MENU

Fighting a superweed before you plant

Just over a decade ago, a farmer in South Georgia noticed something odd in his fields.

Just over a decade ago, a farmer in South Georgia noticed something odd in his fields. Palmer amaranth was growing among the rows of his high-value cotton. The cotton was resistant to glyphosate; the pigweed wasn’t.

At least it wasn’t supposed to be. Farmers had found enormous success pairing glyphosateresistant cotton with glyphosate to free them of the trouble of mechanically controlling weeds. Now, researchers and farmers across the country are fighting the superweed that seems to be able to adapt to different classes of chemicals just as it did to glyphosate.

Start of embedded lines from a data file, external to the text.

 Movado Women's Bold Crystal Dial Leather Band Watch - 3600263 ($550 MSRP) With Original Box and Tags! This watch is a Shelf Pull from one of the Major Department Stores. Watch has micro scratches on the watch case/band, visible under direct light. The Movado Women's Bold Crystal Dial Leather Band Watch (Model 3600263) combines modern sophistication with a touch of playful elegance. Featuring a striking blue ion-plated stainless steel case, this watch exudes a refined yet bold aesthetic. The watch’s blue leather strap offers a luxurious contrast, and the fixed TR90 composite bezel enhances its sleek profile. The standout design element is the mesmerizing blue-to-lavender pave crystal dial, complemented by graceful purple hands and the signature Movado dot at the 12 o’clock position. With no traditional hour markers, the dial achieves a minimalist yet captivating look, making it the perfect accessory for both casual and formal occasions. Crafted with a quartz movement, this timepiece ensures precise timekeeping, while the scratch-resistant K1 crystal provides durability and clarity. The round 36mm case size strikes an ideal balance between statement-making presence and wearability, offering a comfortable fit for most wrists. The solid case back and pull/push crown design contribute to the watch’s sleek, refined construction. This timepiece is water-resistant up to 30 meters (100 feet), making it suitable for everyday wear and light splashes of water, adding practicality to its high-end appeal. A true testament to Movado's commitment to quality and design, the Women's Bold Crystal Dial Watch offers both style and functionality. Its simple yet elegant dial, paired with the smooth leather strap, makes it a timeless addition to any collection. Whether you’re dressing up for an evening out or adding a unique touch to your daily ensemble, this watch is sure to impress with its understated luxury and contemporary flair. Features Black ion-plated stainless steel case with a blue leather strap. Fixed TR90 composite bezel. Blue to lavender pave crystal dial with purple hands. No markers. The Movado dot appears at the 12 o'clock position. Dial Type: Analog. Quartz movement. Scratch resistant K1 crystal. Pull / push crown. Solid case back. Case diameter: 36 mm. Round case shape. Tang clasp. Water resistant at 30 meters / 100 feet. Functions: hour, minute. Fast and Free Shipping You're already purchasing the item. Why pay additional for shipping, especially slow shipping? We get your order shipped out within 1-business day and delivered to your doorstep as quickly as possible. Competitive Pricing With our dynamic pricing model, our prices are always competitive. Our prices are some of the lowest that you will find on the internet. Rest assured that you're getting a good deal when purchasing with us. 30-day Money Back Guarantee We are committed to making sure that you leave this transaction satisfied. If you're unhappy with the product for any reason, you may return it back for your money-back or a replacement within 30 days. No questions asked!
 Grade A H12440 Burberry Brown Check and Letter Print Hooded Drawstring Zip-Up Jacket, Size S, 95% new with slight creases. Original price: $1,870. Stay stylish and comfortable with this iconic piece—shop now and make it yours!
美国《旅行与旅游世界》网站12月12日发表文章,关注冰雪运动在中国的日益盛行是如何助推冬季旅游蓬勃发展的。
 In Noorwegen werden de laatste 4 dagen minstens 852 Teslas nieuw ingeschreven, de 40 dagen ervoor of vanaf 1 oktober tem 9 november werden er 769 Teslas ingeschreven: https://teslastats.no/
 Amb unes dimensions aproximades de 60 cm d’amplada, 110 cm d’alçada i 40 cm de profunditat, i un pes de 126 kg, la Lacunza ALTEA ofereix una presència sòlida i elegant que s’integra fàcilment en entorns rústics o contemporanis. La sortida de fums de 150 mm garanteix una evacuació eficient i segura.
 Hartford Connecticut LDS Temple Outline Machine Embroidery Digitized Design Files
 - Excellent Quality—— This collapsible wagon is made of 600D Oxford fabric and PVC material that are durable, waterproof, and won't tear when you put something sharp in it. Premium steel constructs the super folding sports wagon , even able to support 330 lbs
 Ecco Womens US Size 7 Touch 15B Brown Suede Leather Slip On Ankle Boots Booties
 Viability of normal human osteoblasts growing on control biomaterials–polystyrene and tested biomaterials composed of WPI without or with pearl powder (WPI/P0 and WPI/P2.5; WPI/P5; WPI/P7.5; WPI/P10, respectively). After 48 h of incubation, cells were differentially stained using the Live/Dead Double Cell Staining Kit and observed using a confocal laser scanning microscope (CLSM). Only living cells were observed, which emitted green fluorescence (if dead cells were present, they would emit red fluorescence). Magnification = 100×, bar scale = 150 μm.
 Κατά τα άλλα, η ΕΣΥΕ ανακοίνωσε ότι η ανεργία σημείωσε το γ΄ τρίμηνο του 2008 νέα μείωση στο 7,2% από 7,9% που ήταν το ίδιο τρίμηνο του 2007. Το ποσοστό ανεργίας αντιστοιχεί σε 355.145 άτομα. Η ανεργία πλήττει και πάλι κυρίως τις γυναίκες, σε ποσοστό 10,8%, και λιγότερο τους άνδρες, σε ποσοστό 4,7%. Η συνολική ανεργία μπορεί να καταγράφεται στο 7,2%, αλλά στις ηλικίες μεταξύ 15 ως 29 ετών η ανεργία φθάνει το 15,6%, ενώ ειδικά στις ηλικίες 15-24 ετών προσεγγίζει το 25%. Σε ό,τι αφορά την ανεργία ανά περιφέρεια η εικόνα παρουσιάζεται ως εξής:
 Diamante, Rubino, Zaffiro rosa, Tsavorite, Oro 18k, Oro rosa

A survey of more than 700 cotton growers in Georgia found that more than 80 percent of them were hoeing by hand to control pigweed. That’s an expensive proposition, but possible with a plant like cotton. Hand-hoeing stops seed emergence. If a pigweed plant manages to sprout, these farmers cut it, burn it and spray. They have found that tilling can be an effective way to stop the troublesome plant on the front end.

“Tillage is an effective tool, but it has to be used wisely,” said University of Georgia researcher Stanley Culpepper, who has been studying pigweed control for more than a decade. Plowing of the land that gets the seed at least 4 inches deep is 50 to 70 percent effective at keeping pigweed from taking over. Growers in some parts of the country fight weeds by delaying planting until the ground has warmed enough for the weeds to germinate, then using secondary tillage to chop them down and incorporate. That’s an iffy strategy with pigweed or waterhemp.

“We wouldn’t be here if we’d kept just spraying,” Culpepper said. But, he adds, “There’s not a plant in the world that’s resistant to cultivation.”

“You have to be careful with a stale seedbed,” Culpepper said. “Once the plant is growing, it is hard to control that year. Through tillage and chemicals and cover crop, you want to never see the plant.” A two-year study in Arkansas showed that deep tillage combined with a cover crop provided the greatest control of Palmer amaranth in cotton, with an 85 percent reduction in emergence at the end of a 2009 trial. In 2010, plots that had a deep till the previous year, followed by a rye cover crop, had 68 percent less Palmer amaranth.

Cover crops and plowing will not eliminate glyphosate-resistant soil-applied and post-emergence herbicides. Additional efforts should focus on the integration of the practices evaluated in this research with the use of residual herbicides.

“As pigweed and its cousin waterhemp have spread, some plant experts are calling the plants invasive species. That term usually applies to exotic pests brought into the country, but the definition works here,” said Kevin Bradley, a weed science expert at the University of Missouri.

Researchers from ten universities across the country are working together to test different programs to fight pigweed, most of them working with a combination of tillage, cover crops and chemicals. Culpepper is among them and has traveled to 24 states to show his research into how a deep tillage pass every few years can be an effective part of controlling the invasive weed. If the plant gets nasty enough, it may even be time to break out the moldboard plow to bury the pigweed seed deep, experts say.

Public Enemy No. 1

Pigweed is quickly becoming farmers’ Public Enemy No. 1 as it develops resistance to chemicals and defeats herbicide-alone programs. In some places, different variations of the plant have adapted to three or four herbicide classifications, including glyphosate, PPO inhibitors and ALS inhibitors. How do you deal with it?

Attack it. A single pigweed plant can produce 300,000 seeds, but they die quickly in the soil. Tests show that half of waterhemp seeds remain viable after a year, but at five years, only 10 percent can germinate.

Shade it. Narrow rows provide quicker canopy and deprive pigweed of the sunlight it needs to grow. In testing soybean seeding rates of 130,000, 160,000, 190,000 and 220,000 seeds per acre, late-season weed density dropped each time the seeding rate rose.

Cover it. In tests, a cereal rye cover crop dramatically reduced pigweed emergence.

Control it. Farmers can keep the upper hand. The key is a multipronged approach that involves tillage and chemicals.

Bury it. Judicious plowing can keep pigweed seed from emerging. Every three to five years, plowing (more than three inches) can drastically reduce spring emergence of weeds. In one test, a pigweed population of six to 10 plants per meter in a minimum-till system was cut to almost zero after a plowing pass.

Repeat it. Till every three years. While the first attack can be rewarding, repeating plowing every year will defeat the purpose. Returning the seed to the surface too soon will allow it to germinate.